Eastwood and Quentin Tarantino Are Linked By Their Admiration for Sergio Leone

While Clint Eastwood first achieved fame with the Western television series Rawhide, he gained film stardom with Sergio Leone’s Dollars Trilogy Western film series, beginning with the classic 1964 Spaghetti Western film A Fistful of Dollars. Moreover, through the Dollar Trilogy series, the filmmaker found his first and most prominent lifelong film-making mentor in the legendary Leone, whom Tarantino cited as one of his foremost directorial influences.


The Western genre is arguably Tarantino’s favorite film genre, and no one stands taller, so to speak, within the genre than Eastwood and Leone. Tarantino has credited the director’s The-Man-With-No-Name antihero screen persona in the Dollar Trilogy with altering the perception of the Western genre by redefining the screen image of the cinematic action hero through his incomparable physical presence.

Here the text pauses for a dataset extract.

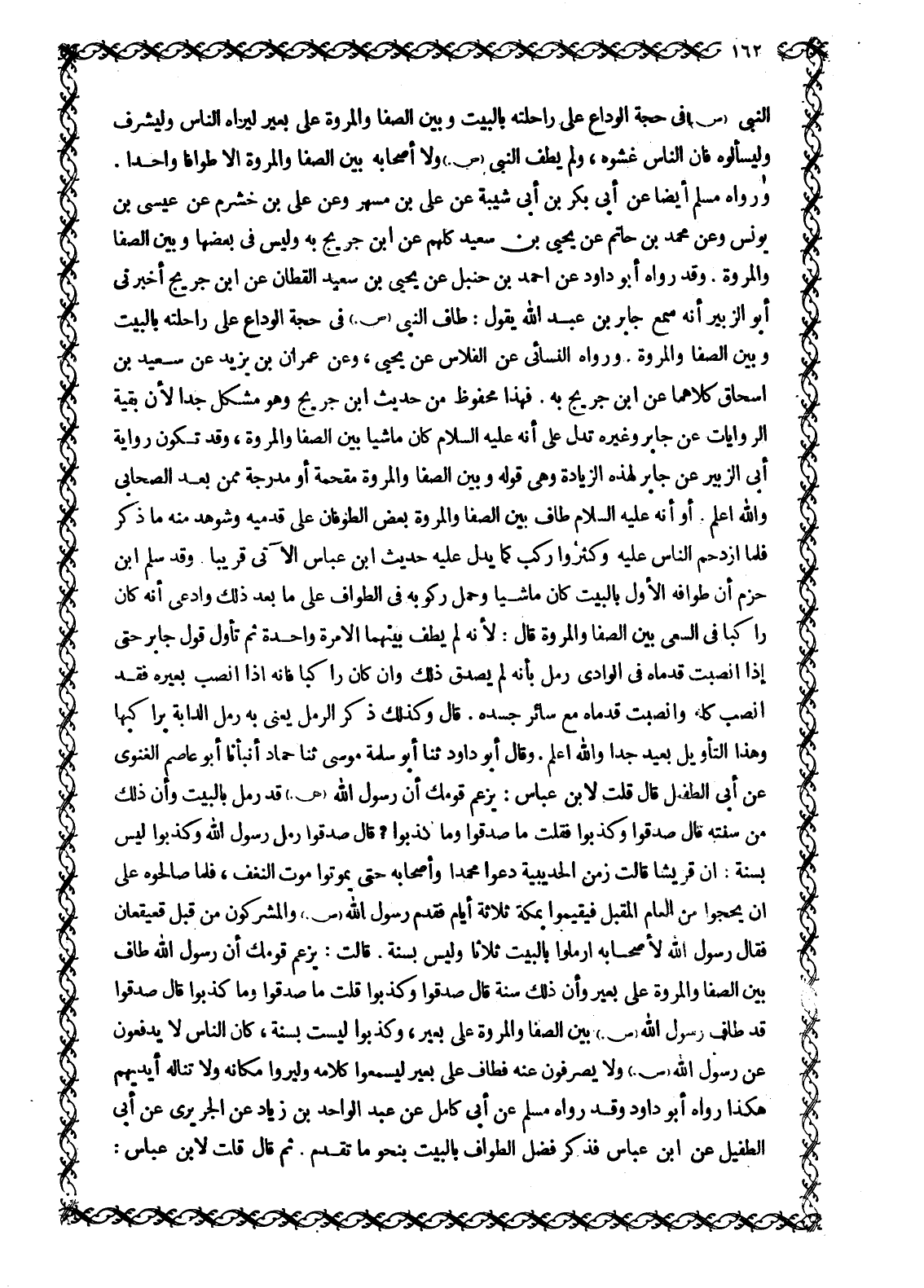 وَرَوَاهُ مُسْلِمٌ أَيْضًا عَنْ أَبِي بَكْرِ بْنِ أَبِي شَيْبَةَ عَنْ عَلِيِّ بْنِ مُسْهِرٍ وَعَنْ عَلِيِّ بْنِ خَشْرَمٍ عَنْ عِيسَى بْنِ يُونُسَ وَعَنْ مُحَمَّدِ بْنِ حَاتِمٍ عَنْ يَحْيَى بْنِ سَعِيدٍ كُلُّهُمْ عَنِ ابْنِ جُرَيْجٍ بِهِ وَلَيْسَ فِي بَعْضِهَا وَبَيْنَ الصَّفَا وَالْمَرْوَةِ. وَقَدْ رَوَاهُ أَبُو دَاوُدَ عَنْ أَحْمَدُ بْنُ حَنْبَلٍ عَنْ يَحْيَى بْنِ سَعِيدٍ الْقَطَّانِ عَنِ ابْنُ جُرَيْجٍ أَخْبَرَنِي أَبُو الزُّبَيْرِ أَنَّهُ سَمِعَ جَابِرَ بْنَ عَبْدِ اللَّهِ يَقُولُ: طَافَ النَّبِيُّ صَلَّى اللَّهُ عَلَيْهِ وَسَلَّمَ فِي حَجَّةِ الْوَدَاعِ عَلَى رَاحِلَتِهِ بِالْبَيْتِ وَبَيْنَ الصَّفَا وَالْمَرْوَةِ. وَرَوَاهُ النَّسَائِيُّ عَنِ الْفَلَّاسِ عَنْ يَحْيَى، وَعَنْ عِمْرَانَ بْنِ يزيد عن سعيد بْنِ إِسْحَاقَ كِلَاهُمَا عَنِ ابْنِ جُرَيْجٍ بِهِ. فَهَذَا مَحْفُوظٌ مِنْ حَدِيثِ ابْنِ جُرَيْجٍ وَهُوَ مُشْكِلٌ جِدًّا لِأَنَّ. بَقِيَّةَ الرِّوَايَاتِ عَنْ جَابِرٍ وغيره تدل على أنه عليه السلام كَانَ مَاشِيًا بَيْنَ الصَّفَا وَالْمَرْوَةِ، وَقَدْ تَكُونُ رواية أبى الزبير عَنْ جَابِرٍ وَغَيْرِهِ تَدُلُّ عَلَى أَنَّهُ عَلَيْهِ السلام كَانَ مَاشِيًا بَيْنَ الصَّفَا وَالْمَرْوَةِ، وَقَدْ تَكُونُ رواية أبى الزبير عن جابر لهذه الزِّيَادَةِ وَهِيَ قَوْلُهُ وَبَيْنَ الصَّفَا وَالْمَرْوَةِ مُقْحَمَةً أو مدرجة ممن بعد الصجابى والله اعلم. أو أنه عليه السلام طاف بين الصفا والمروة بعض الطوفان عَلَى قَدَمَيْهِ وَشُوهِدَ مِنْهُ مَا ذُكِرَ فَلَمَّا ازْدَحَمَ النَّاسُ عَلَيْهِ وَكَثُرُوا رَكِبَ كَمَا يَدُلُّ عَلَيْهِ حَدِيثُ ابْنِ عَبَّاسٍ الْآتِي قَرِيبًا وَقَدْ سَلَّمَ ابْنُ حَزْمٍ أَنَّ طَوَافَهُ الْأَوَّلَ بِالْبَيْتِ كَانَ مَاشِيًا وَحَمَلَ رُكُوبَهُ فِي الطَّوَافِ عَلَى مَا بَعْدَ ذَلِكَ وَادَّعَى أَنَّهُ كَانَ رَاكِبًا فِي السَّعْيِ بَيْنَ الصَّفَا وَالْمَرْوَةِ قَالَ: لِأَنَّهُ لم يطف بينهما الامرة وَاحِدَةً ثُمَّ تَأَوَّلَ قَوْلَ جَابِرٍ حَتَّى إِذَا انصبت قدماه في الوادي رمل بأنه لم يُصَدِّقُ ذَلِكَ وَإِنْ كَانَ رَاكِبًا فَإِنَّهُ إِذَا انْصَبَّ بِعِيرُهُ فَقَدِ انْصَبَّ كُلُّهُ وَانْصَبَّتْ قَدَمَاهُ مَعَ سَائِرِ جَسَدِهِ. قَالَ وَكَذَلِكَ ذِكْرُ الرَّمَلِ يَعْنِي بِهِ رَمَلَ الدَّابَّةِ بِرَاكِبِهَا وَهَذَا التَّأْوِيلُ بَعِيدٌ جِدًّا وَاللَّهُ أَعْلَمُ. وَقَالَ أَبُو دَاوُدَ ثَنَا أَبُو سَلَمَةَ مُوسَى ثَنَا حَمَّادٌ أَنْبَأَنَا أَبُو عَاصِمٍ الْغَنَوِيُّ عَنْ أَبِي الطُّفَيْلِ قَالَ قُلْتُ لِابْنِ عَبَّاسٍ: يَزْعُمُ قَوْمُكَ أَنَّ رَسُولَ اللَّهِ صَلَّى اللَّهُ عَلَيْهِ وَسَلَّمَ قَدْ رَمَلَ بالبيت وأن ذلك من سنته قَالَ صَدَقُوا وَكَذَبُوا فَقُلْتُ مَا صَدَقُوا وَمَا كَذَبُوا؟ قَالَ صَدَقُوا رَمَلَ رسول الله وَكَذَبُوا لَيْسَ بِسُنَّةٍ: إِنَّ قُرَيْشًا قَالَتْ زَمَنَ الْحُدَيْبِيَةِ دَعُوا مُحَمَّدًا وَأَصْحَابَهُ حَتَّى يَمُوتُوا مَوْتَ النَّغَفِ، فلما صالحوه على ان يحجوا مِنَ الْعَامِ الْمُقْبِلِ فَيُقِيمُوا بِمَكَّةَ ثَلَاثَةَ أَيَّامٍ فَقَدِمَ رَسُولُ اللَّهِ صَلَّى اللَّهُ عَلَيْهِ وَسَلَّمَ وَالْمُشْرِكُونَ مِنْ قِبَلِ قُعَيْقِعَانَ فَقَالَ رَسُولُ اللَّهِ لأصحابه ارملوا بالبيت ثلاثا وليس بسنة. قالت: يزعم قومك أن رسول الله طَافَ بَيْنَ الصَّفَا وَالْمَرْوَةِ عَلَى بَعِيرٍ وَأَنَّ ذَلِكَ سُنَّةٌ قَالَ صَدَقُوا وَكَذَبُوا قُلْتُ مَا صَدَقُوا وَمَا كَذَبُوا قَالَ صَدَقُوا قَدْ طَافَ رَسُولُ اللَّهِ صَلَّى اللَّهُ عَلَيْهِ وَسَلَّمَ بَيْنَ الصَّفَا وَالْمَرْوَةِ عَلَى بَعِيرٍ، وَكَذَبُوا لَيْسَتْ بِسُنَّةٍ، كَانَ النَّاسُ لَا يُدْفَعُونَ عَنْ رَسُولِ ا

While Tarantino’s 2012 revisionist Western film Django Unchained was most directly inspired by longtime Leone friend and rival Sergio Corbucci’s 1966 Western film Django, Leone’s influence is nonetheless present throughout the film, especially with the film’s soundtrack, which includes three songs from Leone’s longtime musical collaborator, famed Italian composer Ennio Morricone.


Morricone later wrote an original score for Tarantino’s 2015 Western film The Hateful Eight, which brought Morricone, who died in 2020 at the age of 91, his first and only competitive Academy Award. Morricone’s previous Honorary Academy Award was presented to Morricone in 2007 by Eastwood.